SUKABUMI, Cybernewsnasional.com – Pemerintah Kabupaten Sukabumi melalui Dinas Pariwisata (Dispar) melakukan koordinasi dan audiensi dengan Kantor Pertanahan Kabupaten Sukabumi terkait permohonan data pertanahan. Langkah ini dilakukan sebagai bagian dari upaya identifikasi, perencanaan, serta pengembangan potensi pariwisata di kawasan pesisir dan wilayah Ciletuh–Palabuhanratu UNESCO Global Geopark.
Kegiatan yang berlangsung pada Kamis (5/3/2026) tersebut bertujuan untuk memperoleh data kepemilikan dan peruntukan lahan yang nantinya akan menjadi dasar kajian dalam penyusunan kebijakan pengembangan pariwisata daerah.
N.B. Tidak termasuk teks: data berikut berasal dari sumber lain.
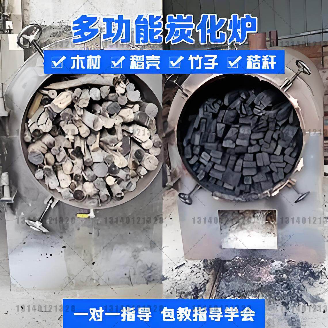 📚 家用卧式炭化炉 树枝木材碳化炉 原木果木碳化机青冈木炭化炉
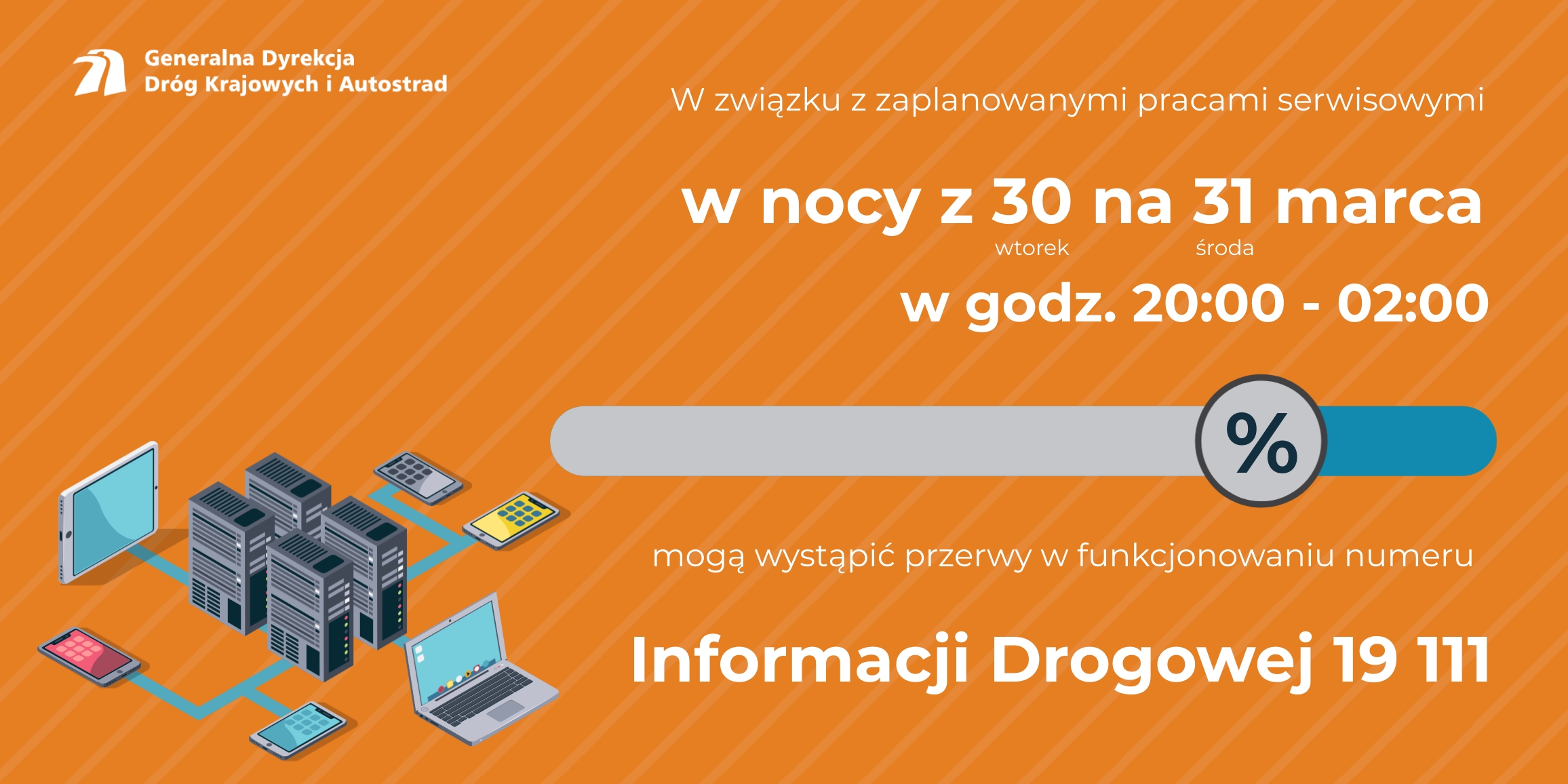 W związku z planowanymi na noc z wtorku na środę (30-31 marca) pracami serwisowymi związanymi z modernizacją usługi 19 111, informujemy, że w godz. 20:00 – 2:00 mogą nastąpić czasowe przerwy w funkcjonowaniu numeru Informacji Drogowej 19 111.

Kepala Dinas Pariwisata Kabupaten Sukabumi, Ali Iskandar, mengatakan koordinasi dengan Kantor Pertanahan sangat penting untuk memastikan pemetaan kawasan yang berpotensi dikembangkan sebagai destinasi wisata.
“Kami berharap melalui koordinasi ini dapat diketahui secara jelas lahan-lahan yang masih berpeluang untuk dikelola pemerintah daerah dalam mendukung pengembangan kawasan pariwisata pesisir, khususnya dari Cisolok hingga Tegalbuleud yang panjangnya sekitar 117 kilometer,” ujar Ali Iskandar.
Menurutnya, data tersebut akan menjadi bahan analisis untuk menyusun perencanaan pengembangan pariwisata yang terintegrasi dengan konsep Master Plan Geopark serta rencana tata ruang wilayah.
Selain itu, pihaknya juga akan melakukan identifikasi terhadap kawasan sempadan pantai untuk memastikan pemanfaatan lahan sesuai dengan ketentuan peraturan yang berlaku.
“Kami juga akan mengidentifikasi mana saja area yang termasuk sempadan pantai dan memastikan pemanfaatannya sesuai aturan. Jika terdapat penggunaan lahan yang tidak sesuai peruntukan, maka hal itu akan menjadi bahan bagi pimpinan untuk menentukan langkah lanjutan,” jelasnya.
Ali menambahkan, upaya penataan kawasan pesisir tersebut sejalan dengan arahan Pemerintah Provinsi Jawa Barat dan Pemerintah Kabupaten Sukabumi agar kawasan Palabuhanratu dan sekitarnya dapat tertata lebih baik sebagai kawasan wisata unggulan.
“Ke depan kawasan Palabuhanratu, dari Cisolok sampai Tegalbuleud, harus tertata sesuai peruntukannya. Data yang kami kumpulkan ini akan menjadi referensi bagi pimpinan dalam menentukan kebijakan pengembangan pariwisata yang berkelanjutan,” katanya.
Melalui koordinasi lintas perangkat daerah ini, Dispar berharap terbangun sinergi yang kuat dalam mendukung kemajuan sektor pariwisata Kabupaten Sukabumi sekaligus memberikan manfaat bagi masyarakat.